Will Keepin and Cynthia Brix, recipients of Honorary Doctorates from CIIS.
Alumni News

Cynthia Brix and Will Keepin: Moving Through The Fire

Margaret Seelie June 1, 2015

Cynthia Brix and Will Keepin received Honorary Doctorates from CIIS at Commencement in May.

The story of Cynthia Brix and Will Keepin cannot be told without honoring the stories of many women, men, and LGBTI people around the world. Through the Gender Reconciliation project, the two have given workshops in Australia, Colombia, India, Kenya, South Africa, Europe, and the United States. They facilitate a transformative process of bringing gender injustices into the light that allows for a deep healing of the heart. The need for gender reconciliation is urgent: Domestic violence continues to be a leading cause of death for women worldwide.

"This work is volatile by its nature," says Keepin. "There are outbursts and strong aggression. Different people have strong charges around gender issues." Cultural norms, religious beliefs, governmental policies, familial experiences, the media, and everyday life can inform these fervent reactions. In workshops, he explains that these constructs are investigated by "creating a context where people can come into a level of intimacy, authenticity, and truth telling that is very rare in our society."

The Gender Reconciliation project began 23 years ago, prior to which Keepin and Brix did a tremendous amount of inner work to create the space necessary to harbor the stories that surface in workshops. Having completed his PhD in mathematical physics, Keepin found that "the whole dimension of inner life and inner development was pretty much left out of my training."

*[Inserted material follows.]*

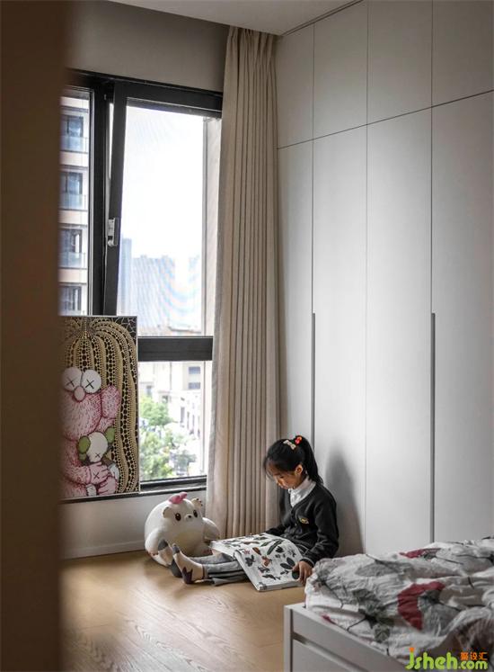 孩子房沿用整體風(fēng)格,溫潤(rùn)的木飾面搭配柔軟的小床,書(shū)架與裝修設(shè)計(jì)書(shū)桌兼具滿足日常的使用。同時(shí)使用通頂儲(chǔ)物柜,收納孩子的雜物,創(chuàng)造出專屬于孩子們富余的一方天地。

To fill this gap, he moved to California in 1988 to attend CIIS and earned an MA in the East-West Psychology program. His time at CIIS "revolutionized" his life, and he co-founded the Satyana Institute where Brix took a job while completing two master's degrees and was ordained as an interfaith minister. The two married after five years, and cofounded Gender Reconciliation International and coauthored two books, Divine Duality: The Power of Reconciliation Between Women and Men (Hohm Press, 2007) and Women Healing Women (Hohm Press, 2009). Keepin, who is also a Fellow of the Findhorn Foundation, most recently published Song of the Earth: The Emerging Synthesis of Spiritual and Scientific Worldviews (Permanent Publications, 2012).

The couple are also adjunct faculty at Holy Names University in Oakland, CA.

Their independent journeys have contributed to their abilities to create the inner space necessary to harbor some of the difficult stories that come up when discussing violations such as prejudice, objectification, homophobia, sexual assault, and molestation.

Brix asks, "How do we as facilitators navigate challenging waters and stay present and centered and centered and able to move through the fire, so to speak, as those stories come out in a workshop? And how do we know that we'll get to the other side with that deep under- standing, empathy, sympathy, compassion, and love for one another in community?"

Their resounding answer to these questions is love with a capital L. Love transcends cultures and religions, and empowers people to melt divisions created by the mind.

When asked about their hopes for the future, Brix replies, "My hope for the world is that this work is not needed anymore." She explains that to "live in the highest place of honoring one another... we need to take time to really listen and hear the other person's story, whoever the other is in your life."